DATA FOR THIS EXERCISE
---*---
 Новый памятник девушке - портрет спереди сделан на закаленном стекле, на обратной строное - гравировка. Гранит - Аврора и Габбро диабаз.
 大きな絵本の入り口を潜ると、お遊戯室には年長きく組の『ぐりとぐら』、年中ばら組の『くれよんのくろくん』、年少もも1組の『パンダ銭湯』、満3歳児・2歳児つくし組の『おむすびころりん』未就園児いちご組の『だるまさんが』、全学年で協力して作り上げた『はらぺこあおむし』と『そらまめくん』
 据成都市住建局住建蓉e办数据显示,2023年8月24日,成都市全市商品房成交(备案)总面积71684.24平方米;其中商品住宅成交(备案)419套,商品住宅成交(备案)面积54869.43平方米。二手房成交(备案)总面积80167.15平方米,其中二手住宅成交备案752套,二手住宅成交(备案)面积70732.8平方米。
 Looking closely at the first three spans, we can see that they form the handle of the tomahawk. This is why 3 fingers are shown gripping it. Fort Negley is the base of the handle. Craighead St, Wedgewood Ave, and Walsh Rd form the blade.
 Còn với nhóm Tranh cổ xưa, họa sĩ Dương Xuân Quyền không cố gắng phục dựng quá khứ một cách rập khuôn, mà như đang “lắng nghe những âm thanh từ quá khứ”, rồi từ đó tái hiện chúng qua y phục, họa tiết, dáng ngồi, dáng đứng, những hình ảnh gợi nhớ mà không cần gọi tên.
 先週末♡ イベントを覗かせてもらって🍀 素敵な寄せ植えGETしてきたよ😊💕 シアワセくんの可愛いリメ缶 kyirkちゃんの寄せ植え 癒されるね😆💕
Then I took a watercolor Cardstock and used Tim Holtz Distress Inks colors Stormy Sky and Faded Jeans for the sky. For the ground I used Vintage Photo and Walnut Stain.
---*---
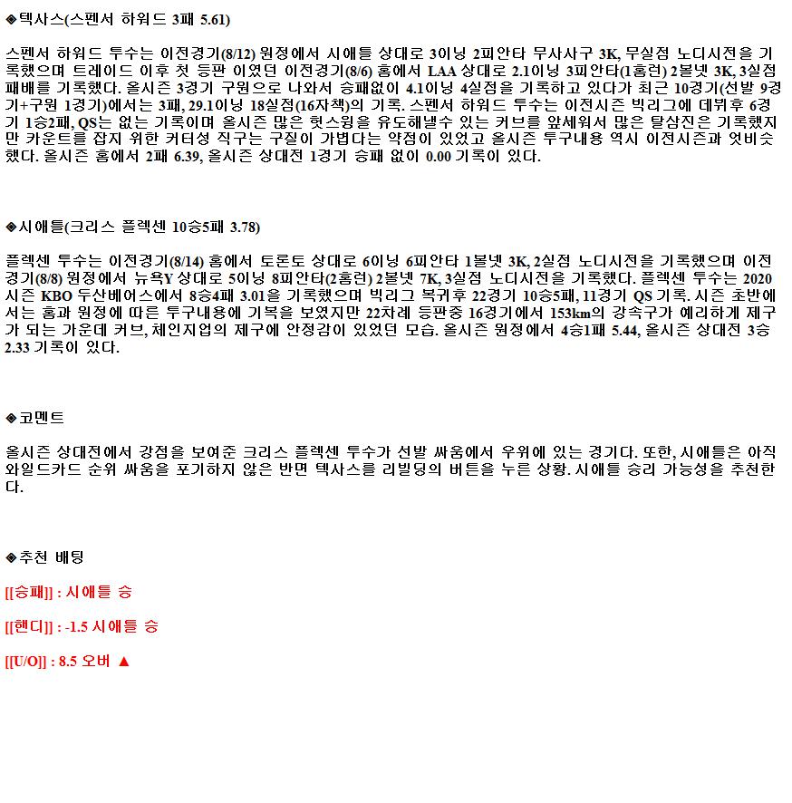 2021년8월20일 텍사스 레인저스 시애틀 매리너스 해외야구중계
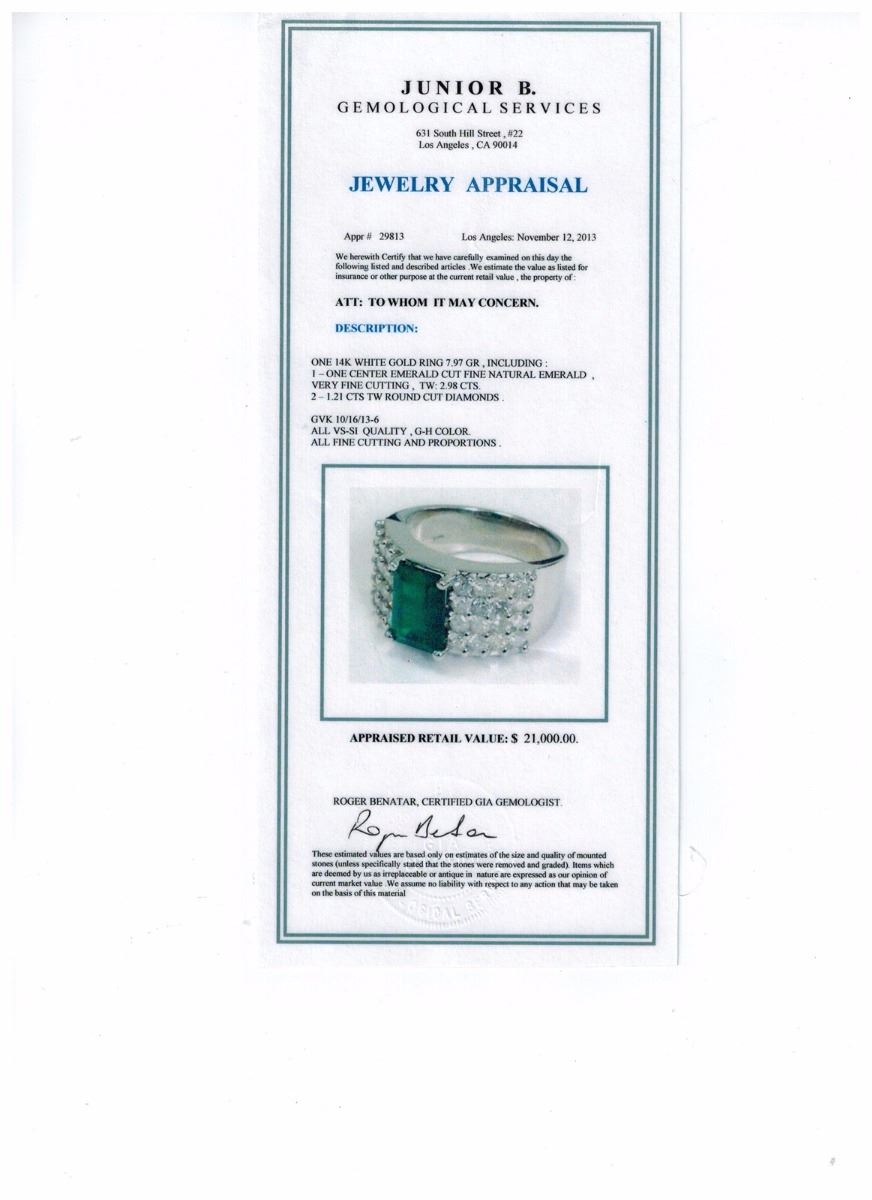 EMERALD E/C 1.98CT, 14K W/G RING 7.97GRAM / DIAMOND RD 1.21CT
---*---
EXERCISE OBJECTIVE
Set down exactly the lines of the data above, beginning with the line that has "Còn với nhóm" and ending with the line that has "先週末♡ イベントを覗かせてもらって🍀 素敵な寄せ植えGETしてきたよ😊💕", and no others.

SOLUTION TO THIS EXERCISE
 Còn với nhóm Tranh cổ xưa, họa sĩ Dương Xuân Quyền không cố gắng phục dựng quá khứ một cách rập khuôn, mà như đang “lắng nghe những âm thanh từ quá khứ”, rồi từ đó tái hiện chúng qua y phục, họa tiết, dáng ngồi, dáng đứng, những hình ảnh gợi nhớ mà không cần gọi tên.
 先週末♡ イベントを覗かせてもらって🍀 素敵な寄せ植えGETしてきたよ😊💕 シアワセくんの可愛いリメ缶 kyirkちゃんの寄せ植え 癒されるね😆💕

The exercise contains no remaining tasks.